Just wanted to add a few holidays from my adopted/other home country, the Czech Republic (in case of updates to this sticky).
May 8: end of the Prague Uprising, 1945 (and the day before the Red Army rolled in)
July 5: celebrates Saints Cyril and Metoděje, who arrived in the Czech Republic as missionaries around 860 AD and are credited with creating the Slavonic alphabet and language
July 6: commemorates when philosopher and reformer Jan Hus was burned at the stake in the 15th century
September 28: Saint Wenceslas' Day / Czech Statehood Day
October 28: creation of the Czechoslovak state, 1918
November 17: commemorates the student uprising of 1939 and the student uprising on the same day fifty years later (which sparked the Velvet Revolution).
December 5: Saint Nicholas ("Mikuláš," in Czech) Day (On this day, Saint Nicholas--accompanied by a devil and an angel, or at least teenagers dressed up like them--visits children and reads from a book of names, identifying good and bad children. Good children get chocolate. Bad children do not. Teenagers love the holiday because they get paid to roam around the city dressed as Saint Nicholas, an angel, or as a devil, visiting various children and motivating them to shape up.)
December 24: Christmas. (Celebrated only when you can see the golden pig and three stars in the sky!)
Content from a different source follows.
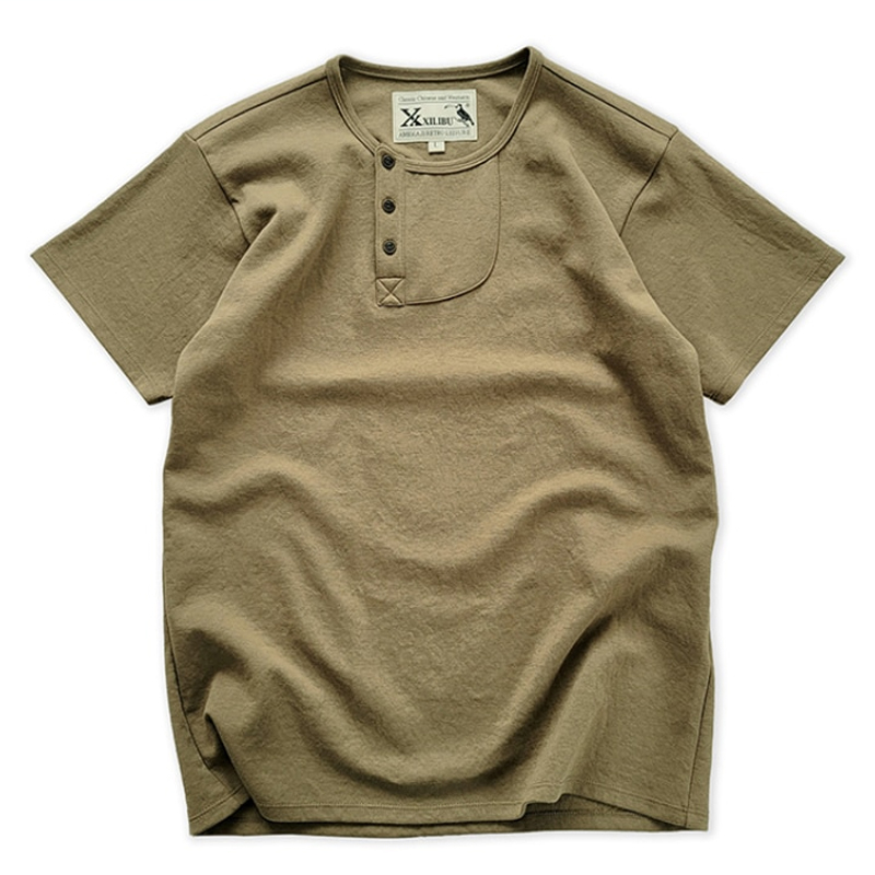 Vintage Khaki Henley Collar Cotton Short Sleeve Casual T-Shirt

Not technically a public holiday but still of importance:
January 16: anniversary of student Jan Palach's death by self-immolation in 1969 in protest of the Soviet invasion; the twentieth anniversary of Palach's death sparked demonstrations against the Communists that resulted in the Velvet Revolution. Palach's grave in Olšanská cemetery always has flowers on it.
Finally...if the Czech team wins gold, silver, or bronze in the world ice hockey championships, the effect is more or less that of a major national holiday.
(This is not a complete list--anyone else should feel free to add dates.)